My Complaint About Portnoy


You may recall that I wasn't exactly enamoured of Alex Portnoy upon reading his Complaint.

I should've written this post earlier, because I'm now at sufficient remove from the book that I feel less bitter about the following excerpt, from pages 43 to 44:
It was years later that she called from the bathroom, Run to the drugstore! bring a box of Kotex! immediately! And the panic in her voice. Did I run! And then at home again, breathlessly handed the box to the white fingers that extended themselves at me through a narrow crack in the bathroom door... Though her menstrual troubles eventually had to be resolved by surgery, it is difficult nevertheless to forgive her for having sent me on that mission of mercy. Better she should have bled herself out on our cold bathroom floor, better that, than to have sent an eleven-year-old boy in hot pursuit of sanitary napkins! Where was my sister, for Christ's sake? Where was her own emergency supply? Why was this woman so grossly insensitive to the vulnerability of her own little boy—on the one hand so insensitive to my shame, and yet on the other, so attuned to my deepest desires!
Rereading it now, it seems to illustrate Alex Portnoy's total lack of consideration for his mother as a human being. I can't exactly remember the context that it was situated in, besides the fact that the entire novel is just Portnoy whining.
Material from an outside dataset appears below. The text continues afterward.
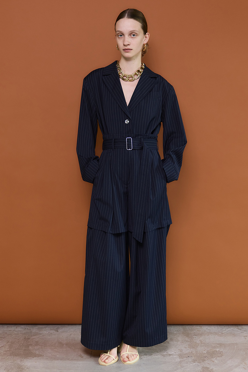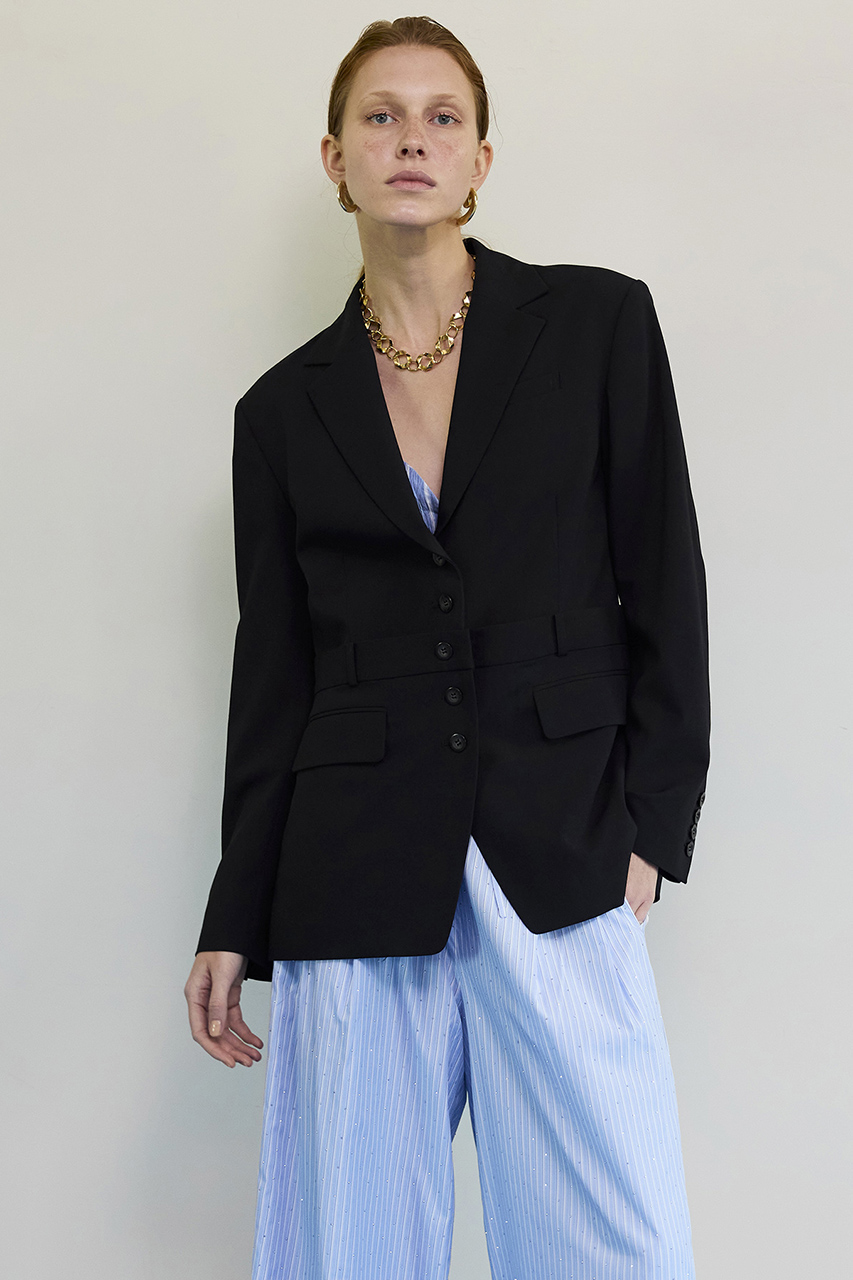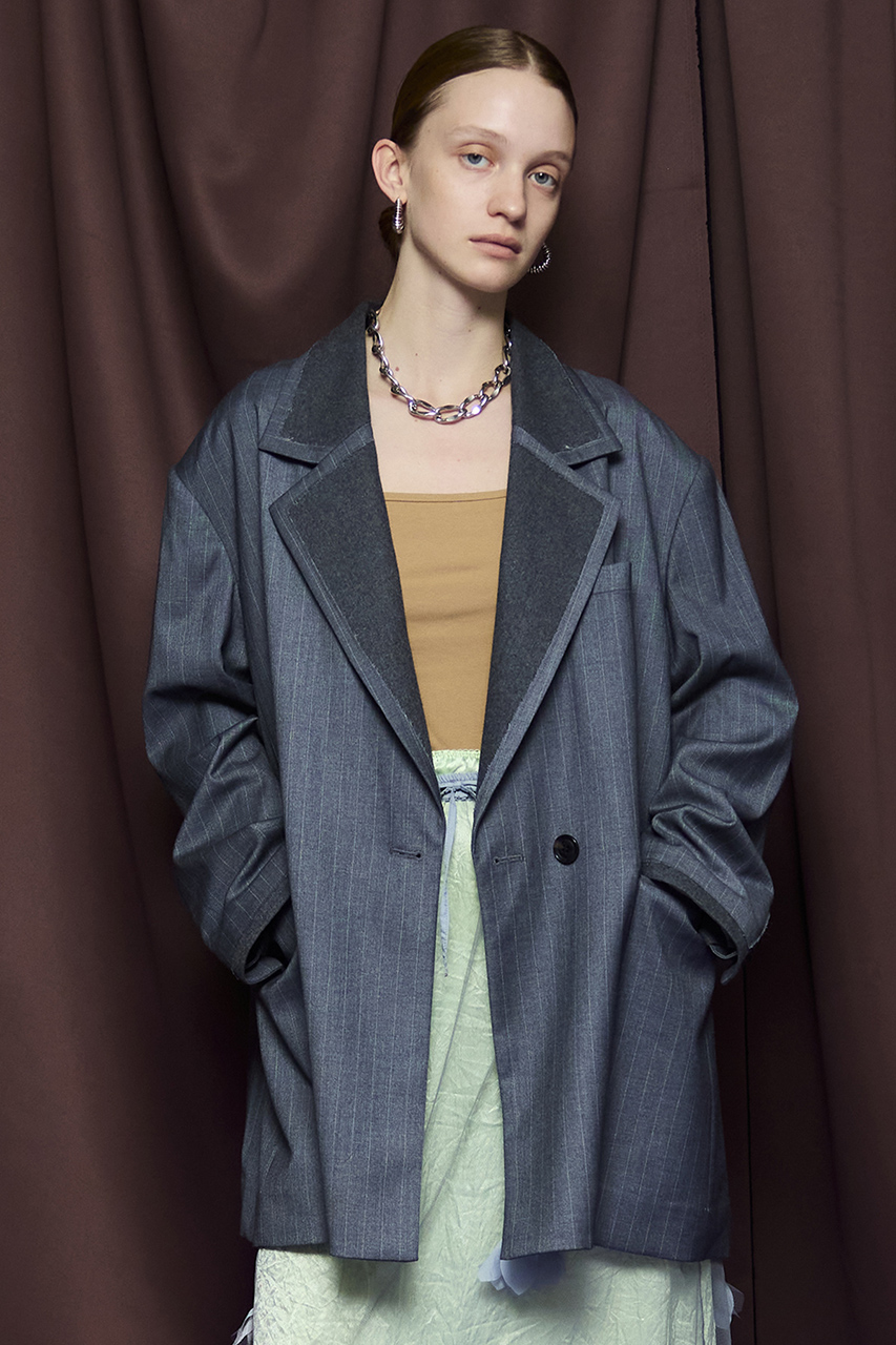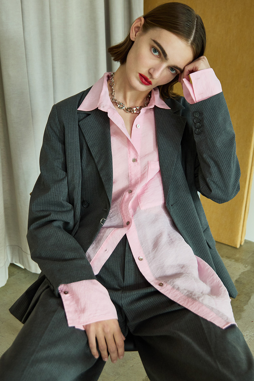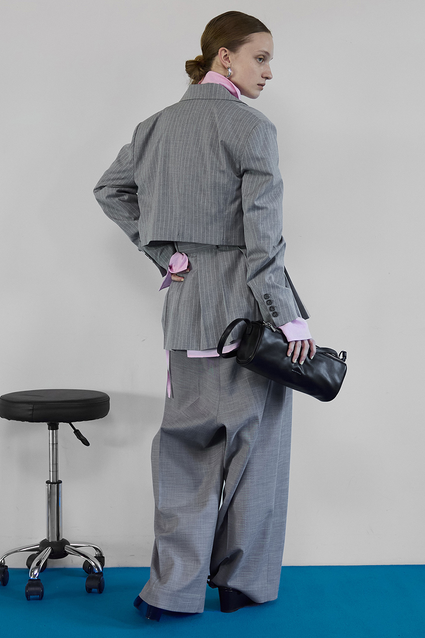 バックにはプリーツを施し、フェミニンな要素をマニッシュなテーラードに融合。1枚で着こなしの幅を広げてくれる、今季注目のアイテム。

Removed from its context within the novel, though, the sentiment expressed above is one that disgusts me, and I think that's why I had to pull it out into a post of its own. I am not a member of the "period blood is art" school of thought in any way, shape, or form. Menstrual blood is one of the body's many waste products and therefore it's nothing to be ashamed of but also it is private. I have no doubt that it would be awkward for a young boy to have to go buy sanitary napkins for his mother, but here's a thought: get over it. You'd think that men might've gotten used to women's menstrual cycles by now after observing their effects throughout all of human history.

(Anyway, lesson learned that I need to write my rants while the memory of the book is still fresh.)